HÜZZAM MEVSİMİNDE “ON BİRİNCİ KÖY”E TAŞINDI
-ADANA-
Tratalar geçiyordu evinin önünden. Uzun bir kayık, tam ortasına oturmuş balıkçı… Hem gidiyor hem düğüm atıyordu ağlara. Arkasında beyaz köpükler kalıyordu.
Yazlıkçılar dönmüştü. Kırlangıçlar kasabadan gitmişti.
“Bu aylarda renk çiçekten ayrılır; güneş kumdan, menekşe kırmızıdan, bahçeler şarkılardan, salkım asmadan, yaprak dalından” diyordu.
Bir boş salıncak, rüzgârla terasta sallanıyordu.
HÜZÜN GÜNLERİ
“Ayrılık mevsimidir bu aylar” diyordu.
“Her sene bu aylarda ben ‘ayrılık’ yazımı yazarım” diyordu.
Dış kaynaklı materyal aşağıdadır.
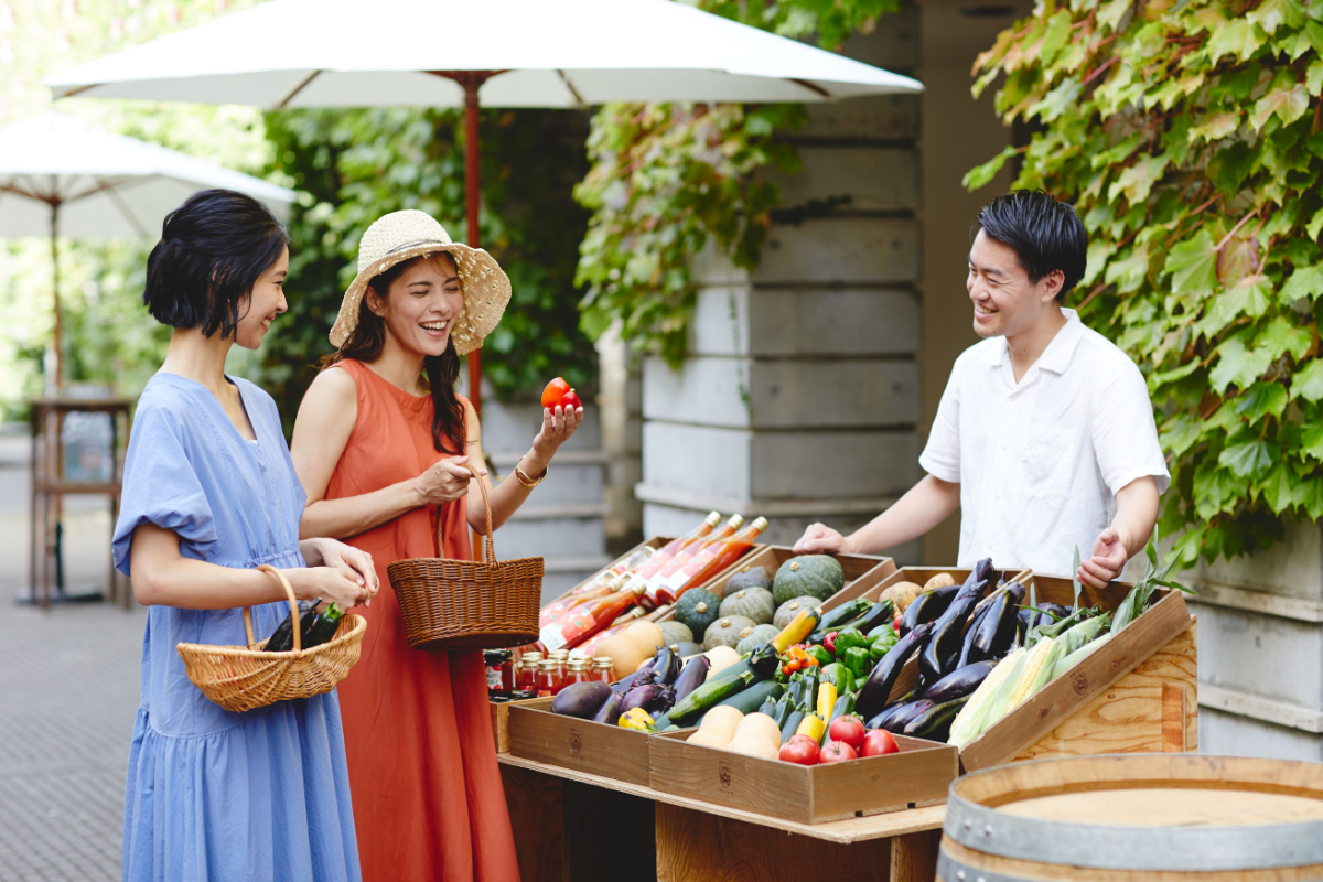 2010年からスタートした「リゾナーレ八ヶ岳」の「⼋ヶ岳マルシェ」。おいしい野菜を気軽に買え、その場で味わえる人気イベントです。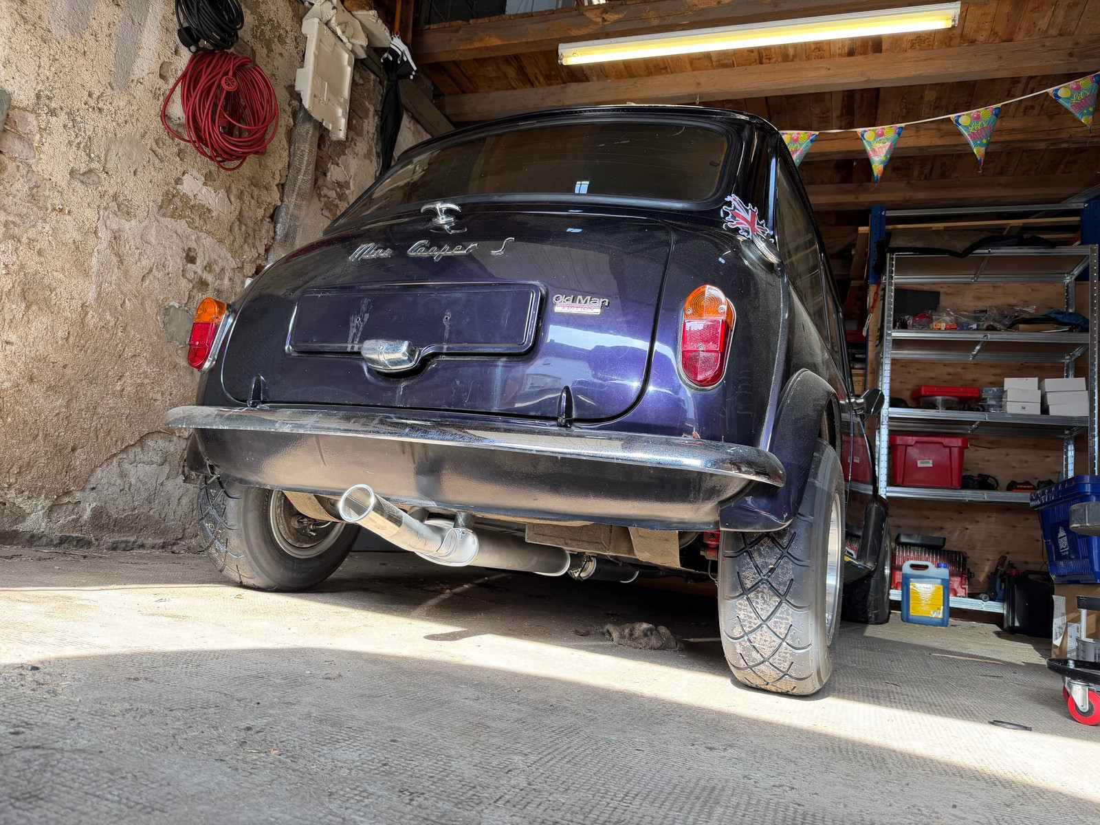 • Gerade auf dem Supermarktparkplatz wieder einen Mini-Experten getroffen. Der hatte früher GENAU den gleichen wie ich, nur mit besseren Blinkern, Trommelbremsen und Triumph Spitfire 1500er Motor. Den hat er damaks auf der Drehbank passend gemacht.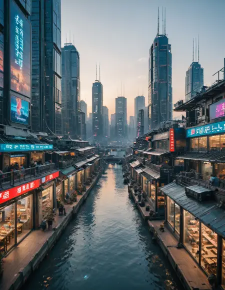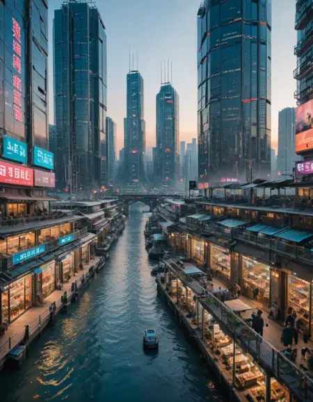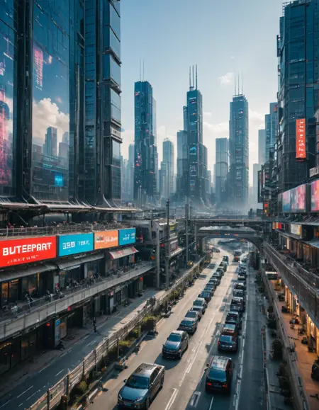 다운타운: 큰 거리, 상점, 높거나 낮은 건물, 너무 미래적이거나 사이버펑크적이지 않음. 낮은 안개.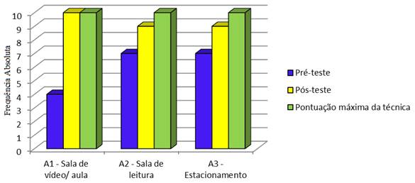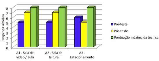 No estacionamento (A3), foi observado que a estudante teve um decréscimo na pontuação, pois, deixou de realizar os comportamentos de manter um ritmo constante de passada e de locomover-se em linha reta. Decréscimo este que pode ter sido pelo fato de, no momento da avaliação pós-teste, algumas salas terem sido liberadas, permitindo que os estudantes ficassem nos ambientes externos da escola (pátio, refeitório, etc.). Nesse caso, o barulho pode ter feito com que escutar e identificar a localização do som se tornassem tarefas difíceis de serem executadas. Apesar de a pesquisa ter sido delineada para o treinamento ocorrer em situações fora dos momentos do intervalo, alguns professores liberaram os alunos bem antes do horário estabelecido. Numa pesquisa realizada em ambiente natural, nem sempre é possível controlar variáveis externas ou intervenientes (COZBY, 2003).

Hüzün günleriydi, yaş gözden ayrılıyordu.
Küçük köpek kaç gündür arkadaşını arıyordu kumsalda. Arada bir koşuyordu kendi kendine. Koşunca arkadaşı gelecek sanıyordu.
Nereden bilsin ki bu mevsim ayrılık zamanıydı.
İLK YAĞMURLAR
Bir yerlere mevsimin ilk yağmuru yağmıştı. Çatılarda tıkır tıkır… Küçük gölcükler oluşmuştu sokakta. Serçeler saçak altlarına sığınmışlardı.
“Bu sonbahar yağmurları, sanki doğanın ayrılıklara ağlayışıdır” diyordu.
“Yaz aşklarında bugünlerde tenler ayrılır” diyordu.
Ne çok giden olmuştu. Ne çok el sallanmıştı bu mevsimde. O ne çok veda idi. Bu mevsimde ne çok “Beni unutma!” vardı.
BİR AYRILIK ŞARKISI
Ayrılık mevsimiydi bu aylar.
Aklında bir hüzzam şarkı kalmıştı, bir de ayrılıkların sızısı:
“Böyle mi esecekti son günümde bu rüzgâr/ bütün kuşlar vefasız, mevsim artık sonbahar/ unutmuş ellerimi eşim, dostum, sevdiğim/ kalbim acılarla hep bölünmüş dilim dilim/ bütün kuşlar vefasız, mevsim artık sonbahar.”
DOKUZ KÖYDEN KOVULUNCA
Doğruyu söylemişti yıllarca, dokuz köyden kovulmuştu.
“Onuncu Köy”de yazdı yazılarını, orada paylaştı ülkesinin yürek sızılarını.
Dün akşam vaktinde, hüzzam mevsiminin hüzünlü bir saatinde, “On Birinci Köy”e taşındığının haberi geldi.